The law limits deductibles for health plans in the small group market to $2,000 for individuals and $4,000 for families unless contributions are offered to offset deductibles above these limits. It also provides grants for up to five years to small employers that establish wellness programs and allows companies to offer employee rewards to participate (premium discounts, waivers of cost-sharing requirements, etc.).

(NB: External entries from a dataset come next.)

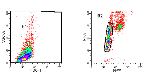 ²Gate 2:X 轴选 PI-W,Y 轴选 PI-A,OK,然后在图中圈出要分析的单个细胞;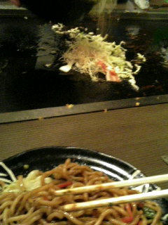 上の写真は私の取り皿と、もんじゃを作ってるとこ。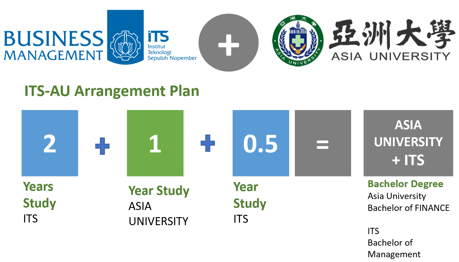 Para mahasiswa yang diterima dalam program ini akan mendaftar di ITS-Indonesia dan AU-Taiwan. Mahasiswa ITS harus memiliki setidaknya 80 SKS ITS, mereka akan menghabiskan dua hingga tiga semester di AU-Taiwan dengan mengambil SKS yang dibutuhkan untuk memenuhi 144 SKS wajib. Mahasiswa ITS akan belajar empat semester pertama (2 tahun) di ITS, dilanjutkan dengan dua semester (satu tahun) lainnya di Asia University, kemudian kembali ke ITS pada semester akhir untuk menyelesaikan skripsi sarjananya. Setelah selesai, mahasiswa akan mendapatkan dua gelar secara bersamaan, yaitu Bachelor of Management (SM) dari ITS dan Bachelor of Finance dari Asia University.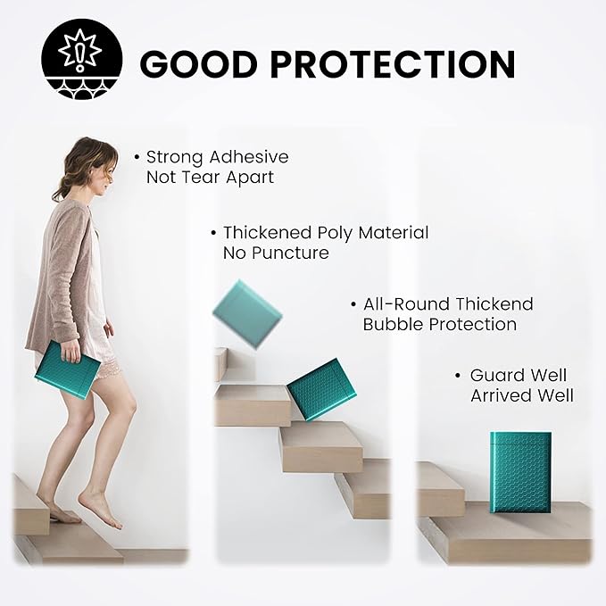 - 【Waterproof & Self Sealing】The bubble mailer 6x10 has real water resistance with strong self-adhesive, Our froest green bubble mailers is using four-season adhesive, which can maintain strong stickiness throughout the year.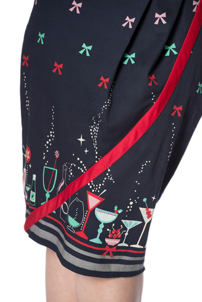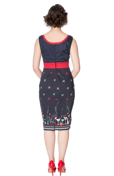 Dámské stylové bavlněné šaty značky Banned, barva modrá navy, retro, rockabilly, pin-up, motiv drinky, mašličky, kvězdičky..... na zádech zip pro snadnější oblékání. Dodává Rockabilly clothing shop www.rocka.cz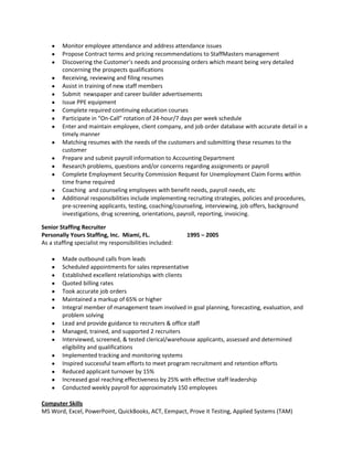 Janet Castillo is seeking a challenging position that utilizes her 15 years of experience in customer service, public relations, and staffing. She has excellent communication and organizational skills. Her resume highlights experience interviewing and placing candidates as a senior staffing specialist and recruiter.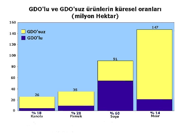 Alınabilecek Önlemler • GDO’lu tohumların kontrolsüz alanlarda ekimine izin verilmemeli, • Gümrüklerde, iç piyasada etkin bir denetim sistemi kurulmalı, • Türkiye’de GDO’lu ürünler konusunda kendi araştırmalarını yapmalı, teknolojisini kendi üretmeli, • Tarımda, girdiden çıktıya, tüm alanlarda bağımlılık zincirini kıran, kendi potansiyelini kullanan bir politika izlenmelidir.

Timeline for Major Provisions


2010

  • Tax subsidies for very small businesses that provide coverage.
  • Children permitted to stay on parents’ policies until 26th birthday.
  • Insurance companies barred from denying coverage to children with pre-existing illness.

2011

  • Businesses must begin reporting the value of health care benefits on employees' W-2 statements.

2012

  • New information reporting is required for businesses making payments in excess of $600 over the course of a calendar year to corporations.

2013

  • A new 0.9% surtax will be tacked onto the 1.45% Medicare payroll taxes paid by individuals earning more than $200,000 per year or joint filers earning more than $250,000 per year. A new 3.8% Medicare surtax will also be imposed on these same individuals/couples. It will be the lesser of: (1) net investment income; or (2) any modified adjusted gross income over the threshold amount.
  • The threshold for claiming medical expense deductions rises from 7.5% of adjusted gross income to 10% (the threshold will remain at 7.5% for individuals 65 or older until 2016).
  • Contributions to health care flexible spending arrangement will be limited to $2,500. The cap will be indexed to inflation beginning in 2014.

2014

  • SHOP exchanges for small businesses take effect (if not sooner). Subsidies available to participating small companies based on wages and number of employees.
  • Large companies (more than 50 employees) must provide affordable coverage or risk a fine of $2,000 per employee, excluding the first 30 employees.
  • All individuals must now have minimum insurance or pay a $95 penalty.

2015

  • Penalty for individuals that don’t have minimum insurance rises to $325.

2016

  • Penalty for individuals that don’t have minimum insurance rises to $695, and is thereafter tied to inflation.

2017

  • Businesses with more than 100 workers may buy coverage through the SHOP exchange, if state permits.

2018

  • A 40% excise tax on high-cost health insurance plans takes effect. Paid by insurers, the tax is on the amount in excess of $10,200 for individuals and $27,500 for families.